__Instructions to follow__:
Starting at the line that contains "繊細なリバティプリントが上品" in the listing below, write out every line word for word until you have written the line that contains "Show Me Your".

__Data shown__:
▬▬▬▬▬▬▬▬▬▬

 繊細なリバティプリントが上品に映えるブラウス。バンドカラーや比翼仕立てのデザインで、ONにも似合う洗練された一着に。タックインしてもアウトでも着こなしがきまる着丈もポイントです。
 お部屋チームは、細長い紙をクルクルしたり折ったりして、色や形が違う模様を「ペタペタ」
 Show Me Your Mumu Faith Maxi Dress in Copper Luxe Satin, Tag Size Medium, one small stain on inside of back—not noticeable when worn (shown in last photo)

▬▬▬▬▬▬▬▬▬▬

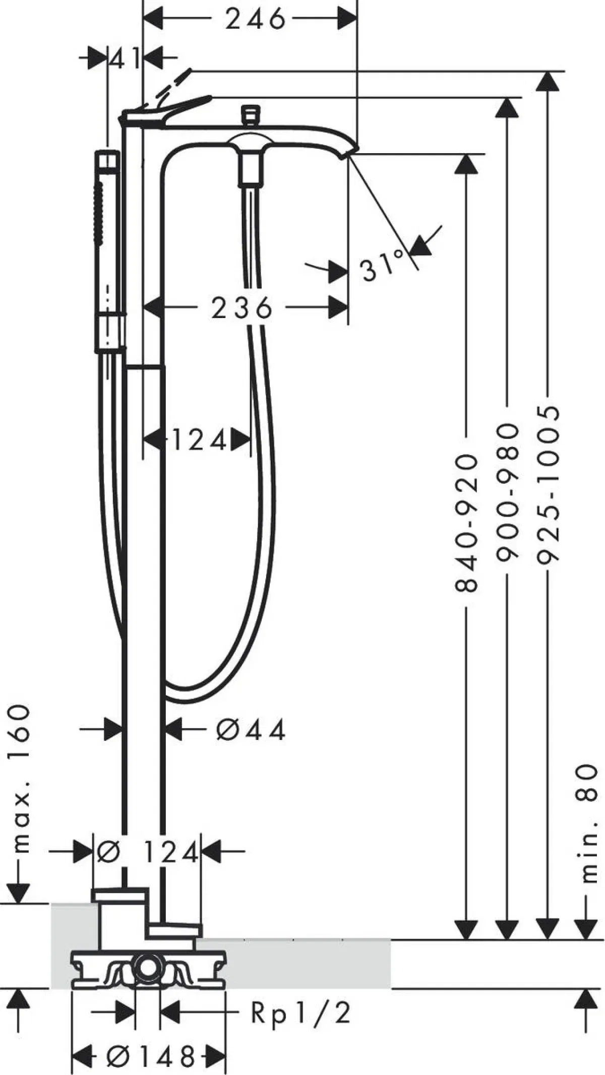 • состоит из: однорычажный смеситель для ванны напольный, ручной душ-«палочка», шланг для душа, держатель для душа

▬▬▬▬▬▬▬▬▬▬

__Answer section__:
 繊細なリバティプリントが上品に映えるブラウス。バンドカラーや比翼仕立てのデザインで、ONにも似合う洗練された一着に。タックインしてもアウトでも着こなしがきまる着丈もポイントです。
 お部屋チームは、細長い紙をクルクルしたり折ったりして、色や形が違う模様を「ペタペタ」
 Show Me Your Mumu Faith Maxi Dress in Copper Luxe Satin, Tag Size Medium, one small stain on inside of back—not noticeable when worn (shown in last photo)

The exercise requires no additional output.